§ Required action
When you copy the listing, skip the images and return each line verbatim.

§ Provided data
____________________

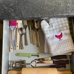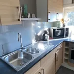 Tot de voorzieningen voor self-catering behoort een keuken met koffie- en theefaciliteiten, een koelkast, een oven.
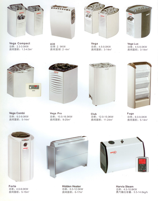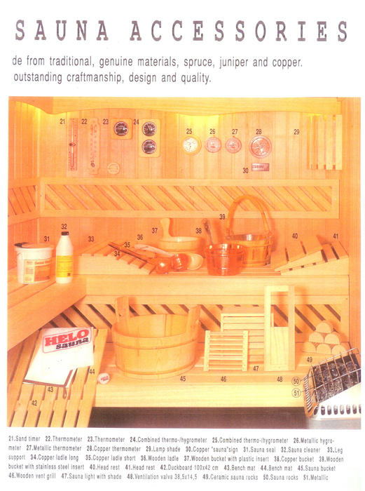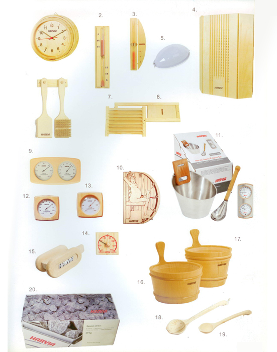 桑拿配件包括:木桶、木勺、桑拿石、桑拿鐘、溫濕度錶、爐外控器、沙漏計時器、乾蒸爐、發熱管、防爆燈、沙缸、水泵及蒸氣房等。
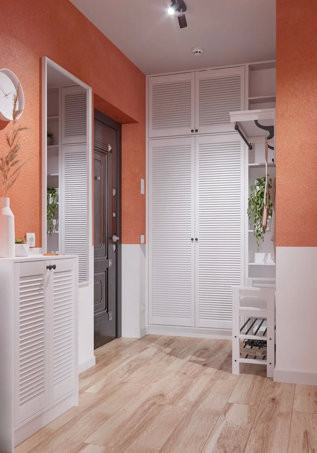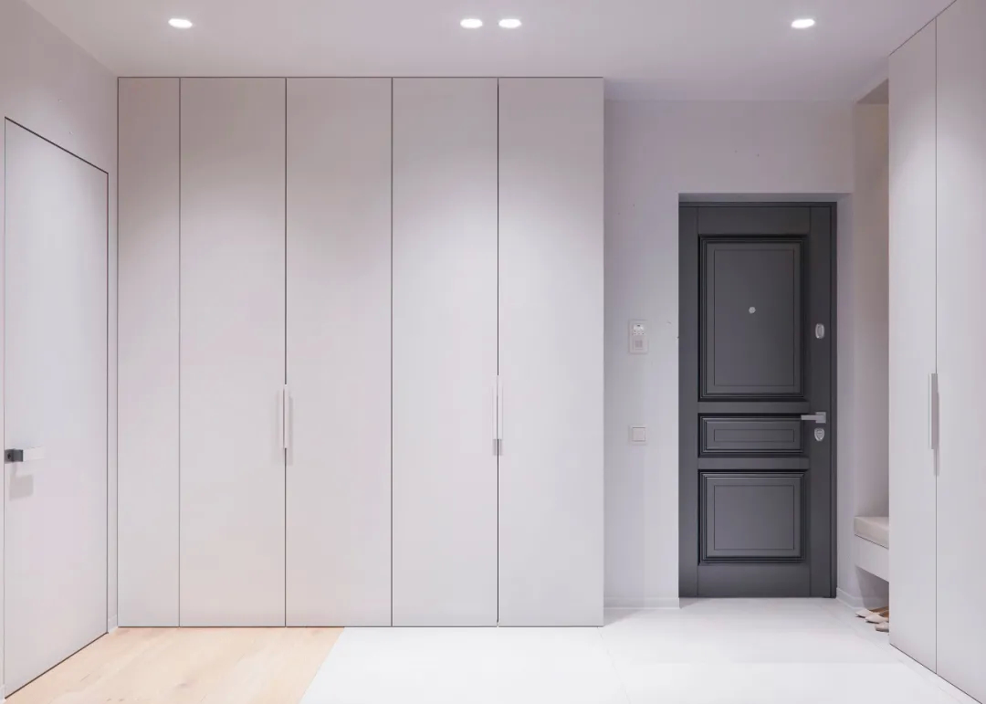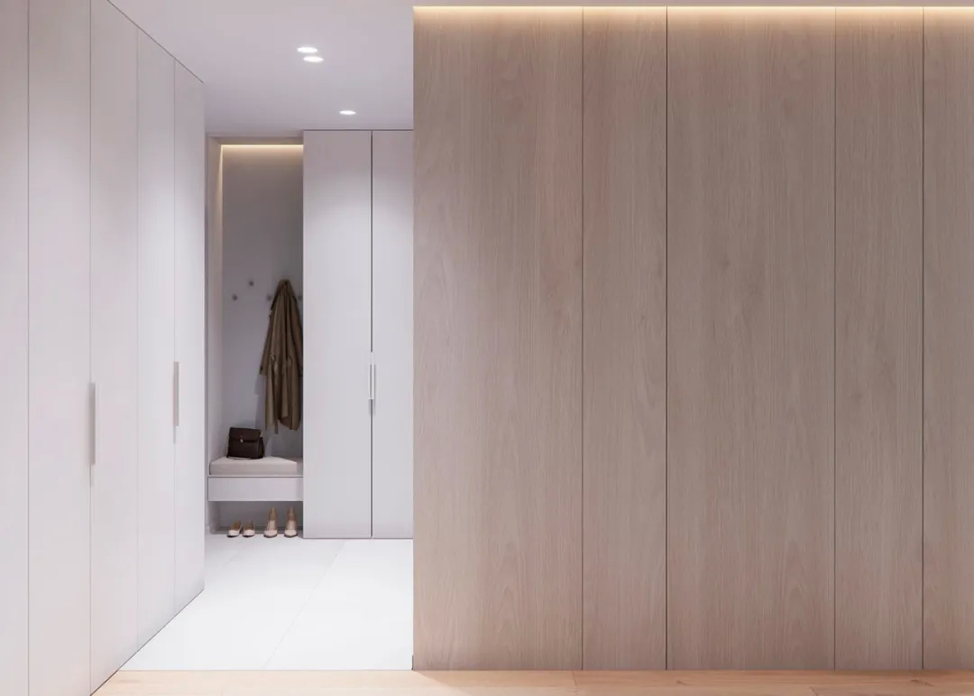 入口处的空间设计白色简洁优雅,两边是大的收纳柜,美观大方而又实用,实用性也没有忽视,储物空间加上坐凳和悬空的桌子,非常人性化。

____________________

§ Problem solution
 Tot de voorzieningen voor self-catering behoort een keuken met koffie- en theefaciliteiten, een koelkast, een oven.
 桑拿配件包括:木桶、木勺、桑拿石、桑拿鐘、溫濕度錶、爐外控器、沙漏計時器、乾蒸爐、發熱管、防爆燈、沙缸、水泵及蒸氣房等。
 入口处的空间设计白色简洁优雅,两边是大的收纳柜,美观大方而又实用,实用性也没有忽视,储物空间加上坐凳和悬空的桌子,非常人性化。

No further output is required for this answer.